Finance Minister of Uttarakhand
- In office 18 March 2017 – 5 June 2019
- Chief Minister: Trivendra Singh Rawat
- Preceded by: Indira Hridayesh
- Succeeded by: Trivendra Singh Rawat

Minister of Tourism,Drinking Water, Election, Culture, Pilgrimage & Environment
- In office 7 March 2007 – 12 March 2012
- Chief Minister: B.C. Khanduri Ramesh Pokhriyal B.C. Khanduri

1'st Speaker of the Uttarakhand Legislative Assembly
- In office 2000–2002
- Preceded by: Office established
- Succeeded by: Yashpal Arya

MLA of Uttarakhand Legislative Assembly
- In office 2002–2012
- Preceded by: Krishna Chandra Punetha
- Succeeded by: Mayukh Mahar
- Constituency: Pithoragarh
- In office 2017–2019
- Preceded by: Mayukh Mahar
- Succeeded by: Chandra Pant
- Constituency: Pithoragarh

Member of Legislative Council
- In office 1998–2002
- Succeeded by: Constituency abolished
- Constituency: Kumaon Local Authorities

Personal details
- Born: 11 November 1960 Pithoragarh, Uttarakhand, India
- Died: 5 June 2019 (aged 58) Houston, Texas, U.S.
- Party: Bharatiya Janata Party
- Spouse: Chandra Pant
- Children: 1
- Education: Diploma in Pharmacy (D.Pharm) from Government Polytechnic College in Dwarahat and B.A. degree from the Eastern Institute for Integrated Learning in Management

= Prakash Pant =

Indian politician and pharmacist (1960–2019)

Prakash Pant (11 November 1960 - 5 June 2019) was an Indian politician and pharmacist and a member of Bharatiya Janata Party who served as the first speaker of Uttarakhand Legislative Assembly.
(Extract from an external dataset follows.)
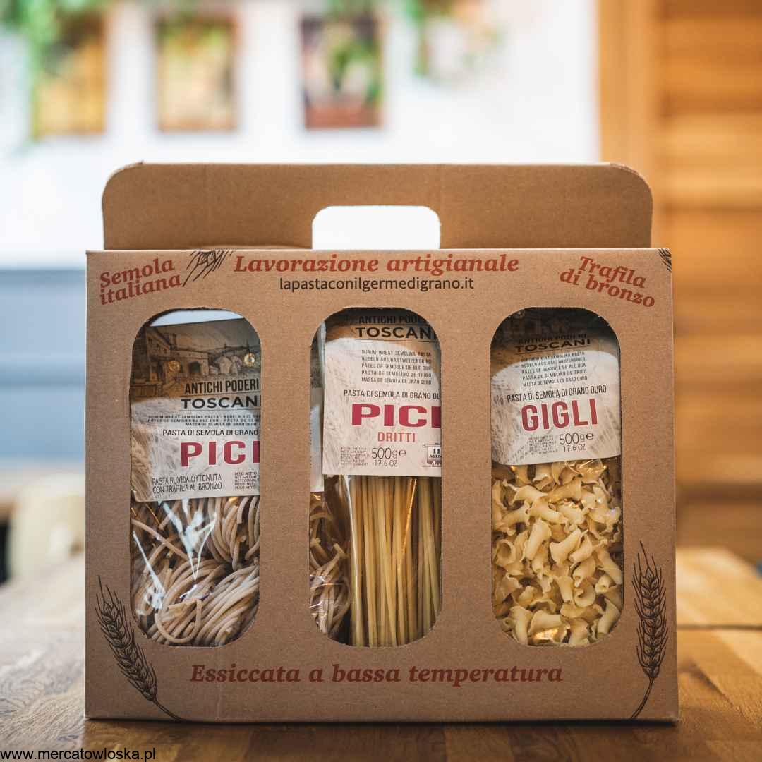 Typowy toskański kształt makaronu, ręcznie formowany, ciągniony metodą brązową, z włoskiej semoliny z pszenicy durum, suszonej w niskiej temperaturze.
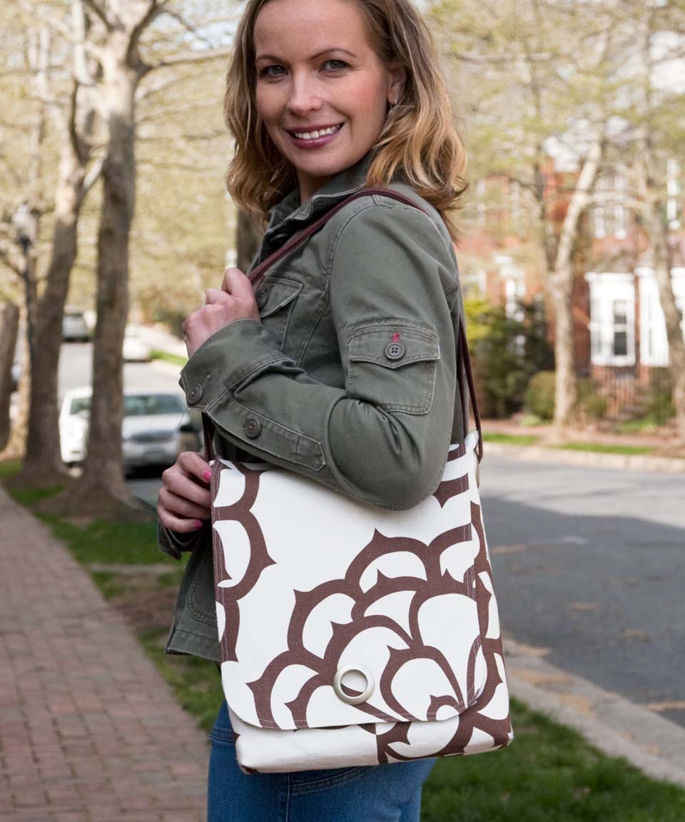 The first of my new Make New or Make Do™ sewing patterns for Spring 2011 is the Alice Book Bag! The Alice Book Bag is a vertical-style messenger bag with plenty of room for a journal, magazines and water bottle with interior pockets for smaller items. The construction of the bag allows you to convert the strap from cross-body to shoulder, simply by pulling the strap through the grommets at the top of the bag. I love this feature! I’m always wanting a bag to do dual duty and often want to change how I’m carrying it throughout the day. I see myself using this bag for all-day outings and travel days. (Regarding the grommets used on this bag…they are super easy to use and simply snap together with your fingers. No special tools are required!)

He was elected from Pithoragarh (Vidhan Sabha constituency) in the 2002 , 2007 and 2017 but in 2012, he lost to Mayukh Mahar of Indian National Congress by a significant margin before regaining it from him in 2017. He was the first speaker of Uttarakhand Legislative Assembly. He was also a minister in Government of Uttarakhand with portfolios of Finance, Tourism, Culture, Pilgrimage Endowment, parliamentary Affairs & Reorganization. He was MLC from 1998 till 2002 before the formation of Uttarakhand.

He died of lung cancer in Houston, Texas on 5 June 2019.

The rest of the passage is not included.